The “Goings After” With The Use Of The Progression
Usually the gamers while playing with the ‘’goings after” don’t think much about the time and the sum, which they want to win. Often the first stakes are done with the notes about the big winning, but after the loss the gambler only leaves to get back his money. And the opposite at all situation exists, if you leave to play with the “going after” based on the arithmetical progression. And what is the mathematical progression I think everyone should know (but for the being sure: in the arithmetical progression every next number is different from the pervious on the same number).
And you’ll ask:”How can my stakes be connected with this?!” and I’ll answer:”you can make you stakes in the system of the arithmetical progression”. I mean, for example, after your first bet your lottery should be 5$, after the second – 10$, after the third – 15$, and so on.
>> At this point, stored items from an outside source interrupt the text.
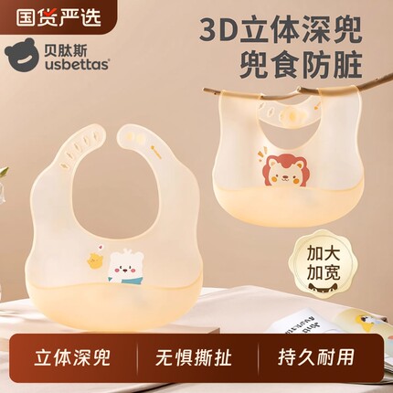 贝肽斯宝宝围兜硅胶儿童吃饭围嘴加大加宽防水罩衣婴儿辅食喂饭兜
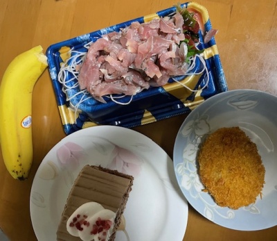 バナナ、ホットカフェラテL、アジの刺身、ケーキ
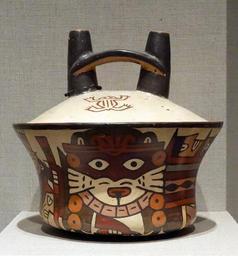 | Keywords: Double-spouted vessel depicting Oculate Being, Peru, South Coast, Nasca, 400-1000 AD, earthenware and pigment - De Young Museum - DSC00338.JPG en Exhibit in the De Young Museum San Francisco California USA This artwork is in the public domain because the artist died more than 70 years ago Photography was permitted in the museum without restriction 2013-11-05 14 58 22 own Daderot other versions cc-zero Uploaded with UploadWizard Nazca pottery in the De Young Museum | ||||

So after each stake your winning is bigger in 5$. And what about the loss will you ask again?! And the thing is that there is no loss!!! There is no, because we’re playing the “going after” and in the best case we bet on the same event to play off our previous loss and win the sum, which you have to checking with the arithmetical progression.
This system can be described by a very easy mathematical formula:
The sum = (winning + loss)/ (coefficient-1)
The sum – is the sum of your bet on each round of the “going after” (let’s pretend N round)
The loss – your previous loss, means the loss for the N-1 round of your playing
The winning – is the winning, which you have to get on this round of the “going after”, it’s easy to count with the formula N*W, where N – the number of the “goings after”, the W – is the winning for an each round of the “going after”
Coefficient – is the coefficient on the event, which is gone after.
So what do we get while playing with this system?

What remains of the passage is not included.